Alex Drobnitch

Profile
- Position: Guard

Personal information
- Born: November 25, 1913 Denver, Colorado, U.S.
- Died: June 2, 1960 (aged 46) Kersey, Colorado, U.S.
- Listed weight: 189 lb (86 kg)

Career information
- College: Denver
- NFL draft: 1937: 5th round, 41st overall pick

Career history
- New York Yankees (1937); St. Louis Gunners (1939); Buffalo Indians (1940); New York Americans (1941);

Awards and highlights
- First-team All-American (1936); Third-team All-American (1935);

= Alex Drobnitch =

American football player (1913–1960)

Alex Lewis Drobnitch (November 25, 1913 – June 2, 1960) was an American football player.
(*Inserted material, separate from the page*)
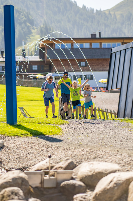 Bei der Gestaltung von Timoks Wasserspielen wurde ein regionales Thema aufgegriffen und anhand verschiedenfarbiger Steine die drei Fieberbrunner Achen Rotache, Weißache und Schwarzache eingebunden.

He played college football for the Denver Pioneers football team and was selected by the Newspaper Enterprise Association as a first-team guard on the 1936 College Football All-America Team. He was drafted in the fifth round of the 1937 NFL Draft. He later played professional football for New York Yankees in 1937, the Buffalo Indians in 1940, and the New York Americans in 1941. He was inducted into the University of Denver Athletic Hall of Fame in 1996.

Drobntich was born on November 25, 1913, in Denver. He raised on a farm near Eaton, Colorado. Drobntich died on June 2, 1960.